Ascolto i loro passi pesanti sul velluto mentre zia Eugenia mi abbraccia e piange sulla mia spalla. Allora non
riesco a sentire più niente, è come se tutti fossero a poco a poco liberi da un gioco del silenzio protrattosi oltre l’intervallo scolastico. È un pianto femminile che si modula dal lamento all’isteria, si sposta da una spalla
all’altra, si privatizza negli abbracci. Molti signori, amici della nonna, preferiscono avvicinarsi a me, darmi
una pacca ancora unta d’olio sulle scapole. Forse perché io non piango sembra più semplice consolarmi. Non
metto a disagio.
«È una liberazione, soffriva così tanto» è la frase canonica che mi rivolgono, io annuisco e mi do da fare
come sempre, porto bicchieri d’acqua e kleenex; faccio una telefonata dopo l’altra. Ripeto a tutti che la sua
ultima volontà è stata una bottiglietta d’acqua Perrier. «Noi gliel’abbiamo procurata» racconto, «ma poi non
è neanche riuscita a berne un sorso» e dall’altro capo del telefono ridono, con compostezza, e poi subito si
mettono a piangere.
Un paio d’ore dopo se ne sono andati quasi tutti e restiamo solo io, mamma e zia Eugenia. È allora che
decido di salire al piano di sopra per salutare nonna. Mamma ha commentato: «È morta tranquilla, serena in
volto». Non appena la vedo capisco esattamente cosa intende camuffare la gente quando dice così. Le si sono
rilassati tutti i muscoli della faccia e ora c’è pelle in eccedenza dappertutto, come sul gomito di un braccio
disteso. “Serena” non è l’aggettivo adatto, penso. È morta vecchia.

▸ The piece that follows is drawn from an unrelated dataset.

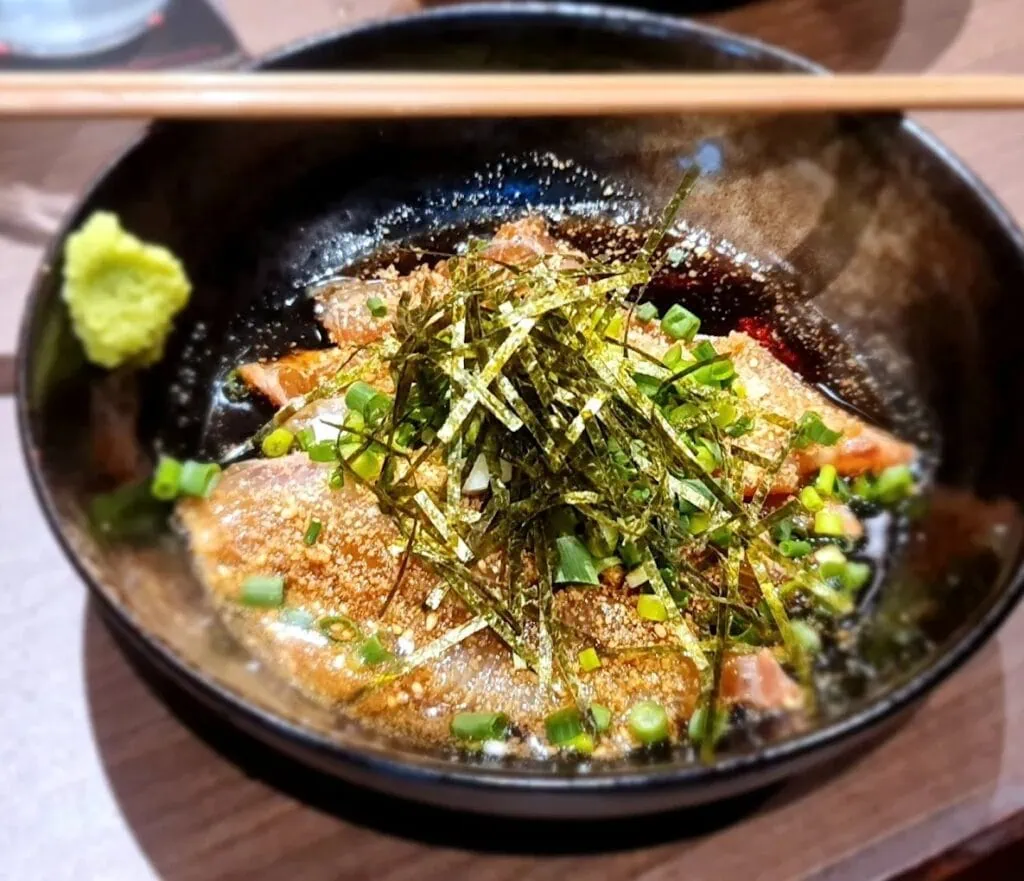 Out of the hearty menu items offered, they also serve unique dishes like Octopus Vinegar Miso, which gives you a good balance between the salty sea and sweet condiments.

Dopo è successo questo. Ci sono stati i funerali (sabato, alle nove del mattino), le condoglianze e i fiori, ci
sono stati nuovi abbracci con gli amici e altri abbracci con i parenti che avevano aspettato insieme a noi che
morisse la nonna Betty. Sono venuti anche Ninin e Patmeenij a salutarla. Un’amica di mamma, fuori dalla
chiesa, ha assicurato che cercherà di pubblicare su «Vanity Fair» del prossimo mese un articolo sulla nonna e
la Rose Garden.
Dopo il funerale io e mamma siamo andate nell’appartamento a sistemare le sue cose e, mentre gettavo via
mutande e reggiseni, ho trovato in fondo al cassetto un paio di collant color castoro che non le avevo mai
visto addosso, e un fazzoletto di seta beige chiuso come un fagottino, gli angoli a formare delle piccole orecchie da coniglio. Dentro c’erano alcune caramelle colorate mezze mangiucchiate, dei fichi secchi e un foglio
ripiegato fino a farlo diventare un minuscolo quadrato di carta. L’ho aperto: era il disegno di un abito molto
elaborato, e bellissimo.
C’era scritto: “Collezione Ludovica, Rose Garden 2009”. Era dedicato a me, era per me. Non l’ho fatto vedere
alla mamma, le ho solo spiegato che pensavo di tenere io gli abiti di nonna e il tappeto d’orso. Poi le ho detto
di andare a casa nostra, a riposarsi, e non appena sono rimasta sola mi sono seduta davanti allo specchio
della toletta, ho aperto il cassetto e tirato fuori la spazzola d’argento. Tra i denti c’erano alcuni fili di capelli attorcigliati. Piccole scaglie di cute ricoprivano il cuscinetto bianco della spazzola. Ho srotolato qualche capello
dai dentini e ho sbattuto la spazzola sul palmo della mia mano per far cadere quello che era rimasto di lei:
lustrini di pelle trasparente. Ho messo tutto dentro il foulard, che ho richiuso alla sua maniera, a coniglietto.
L’ho infilato nella tasca destra dei jeans e sono uscita dalla stanza, stringendo con la mano il mio bottino.